-- WORK REQUEST --
Starting at the first line of the listing below, repeat each line exactly until the line containing "Flash Furniture Folding", which you include. Leave out pictures.
- - - -
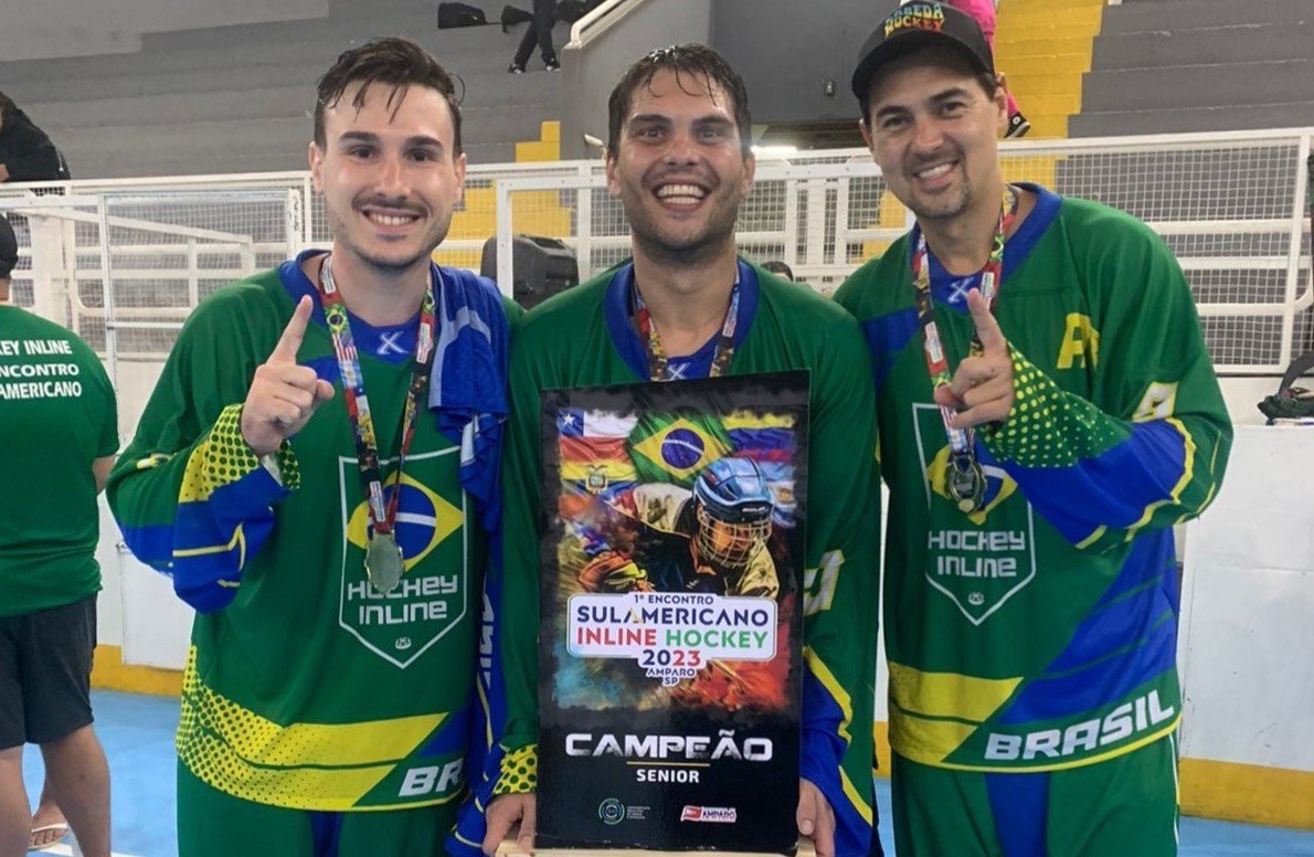 O goleiro Leonardo Acquesta e os avançados Marlon Scatolin e Rogerio Watanabe (Japa) foram campeões, no último domingo (19), do 1° Encontro Sul-Americano de Hóquei In Line com a Seleção Brasileira, no Centro Esportivo do Trabalhador, em Amparo (SP).
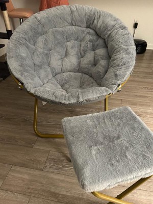 Flash Furniture Folding XL Faux Fur Saucer Chair with Ottoman - Dusty Purple/Soft Gold
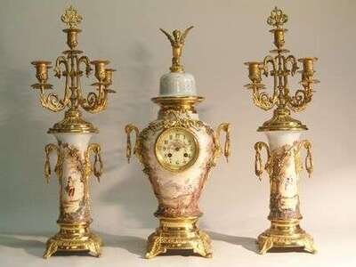 FRENCH PORCELAIN & GILT-METAL-MOUNTED CLOCK GARNITURE
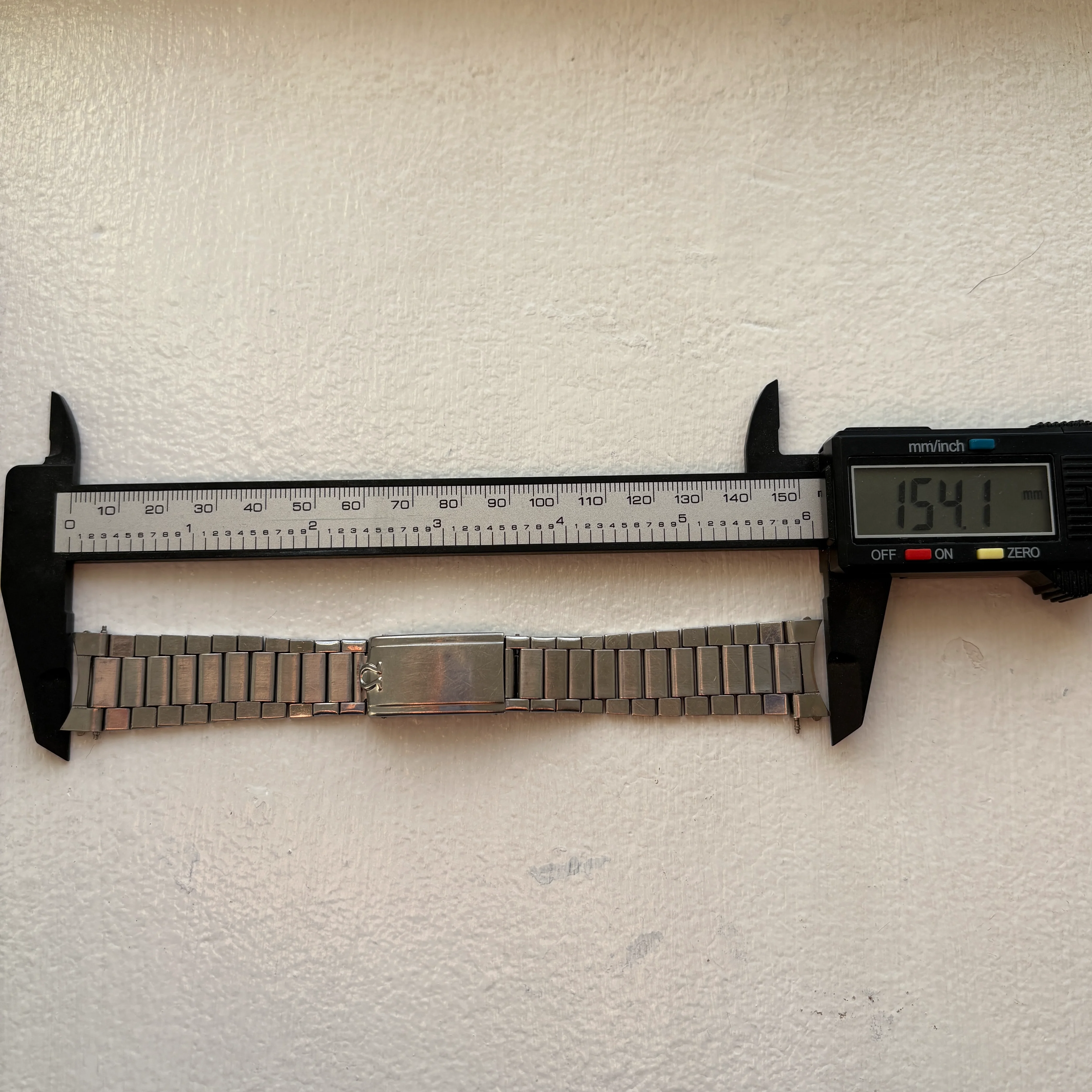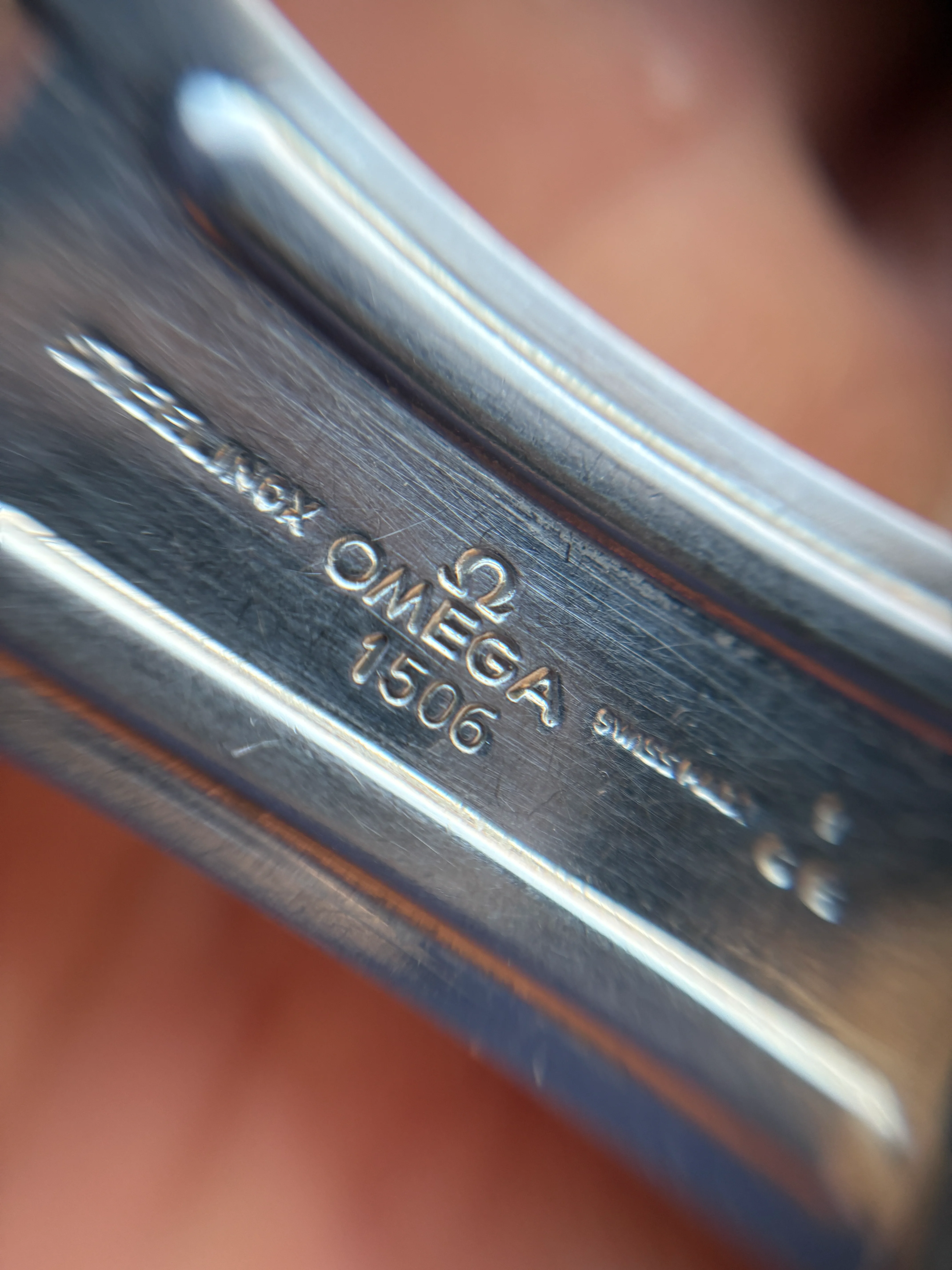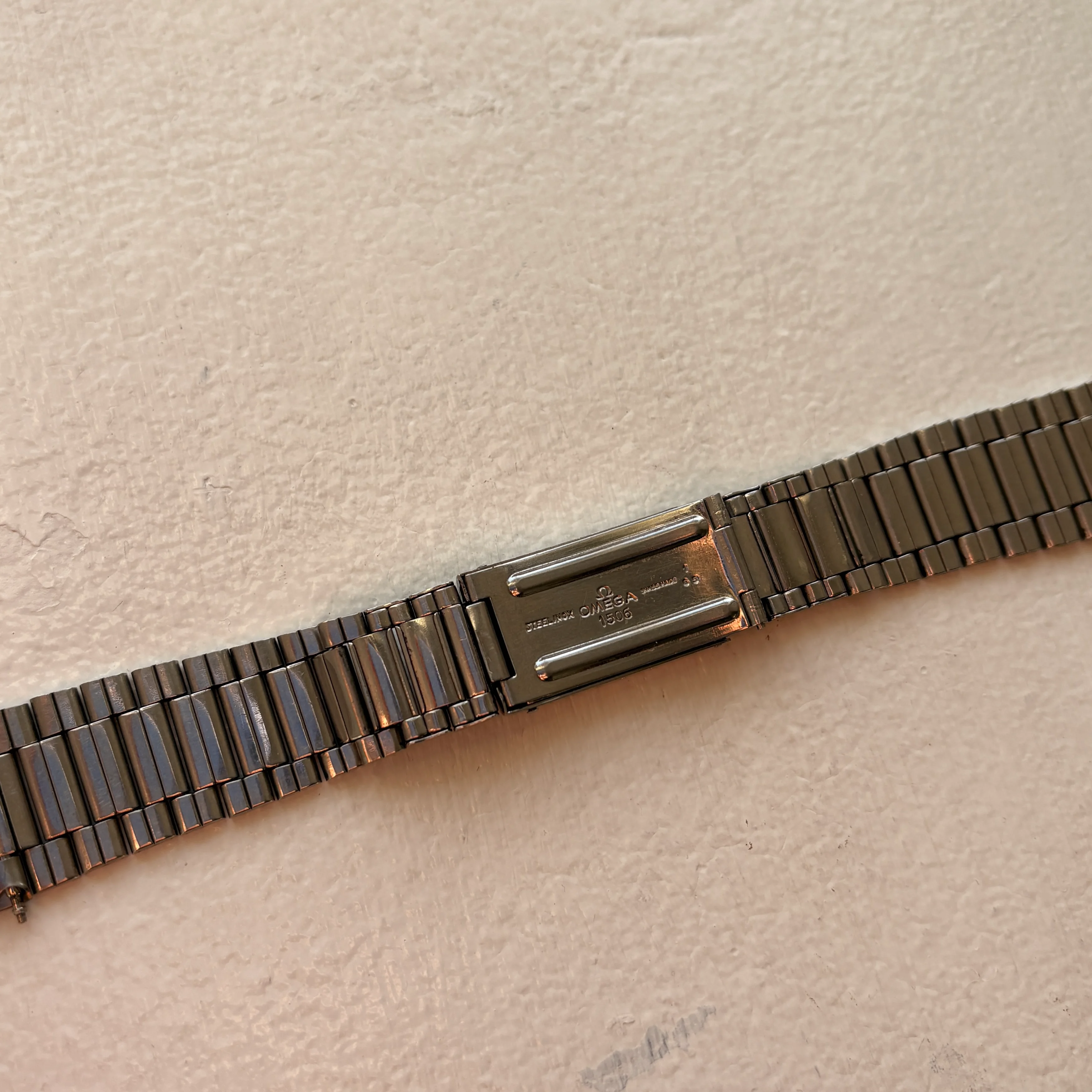 Original 1506/16 bracelet stamped -65 (which is not unusual with a 1964 production year watch). The bracelet is in good shape with tight springs, its not full length but will fit a 18cm wrist without any flex as it is now. The watch will be offered head only or including the bracelet.
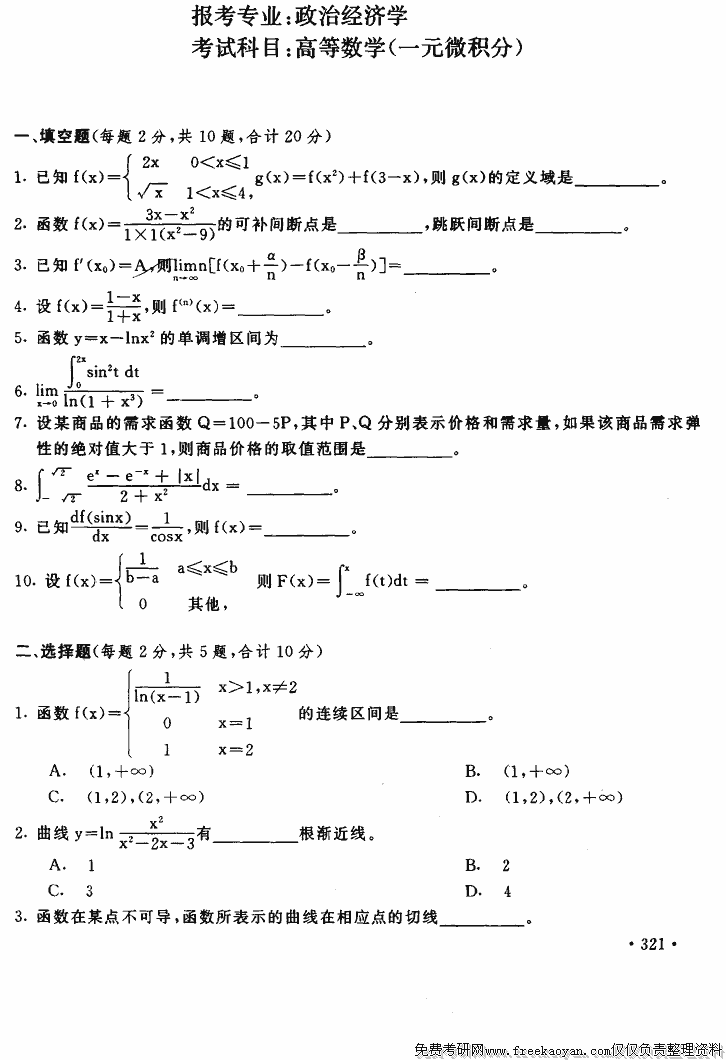上海财经大学1998年半岛在线注册真题-高等数学一元微积分
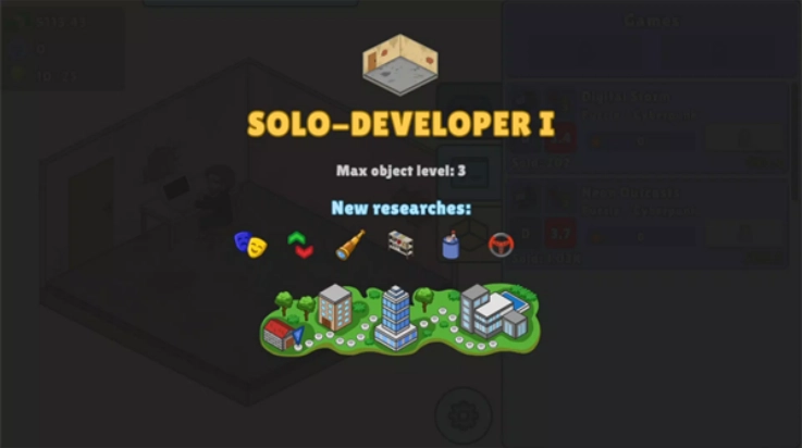 6、点击第三个按钮可以升级你的开发设施,等级越高制作的游戏越好。
- - - -
-- ANSWER --
 O goleiro Leonardo Acquesta e os avançados Marlon Scatolin e Rogerio Watanabe (Japa) foram campeões, no último domingo (19), do 1° Encontro Sul-Americano de Hóquei In Line com a Seleção Brasileira, no Centro Esportivo do Trabalhador, em Amparo (SP).
 Flash Furniture Folding XL Faux Fur Saucer Chair with Ottoman - Dusty Purple/Soft Gold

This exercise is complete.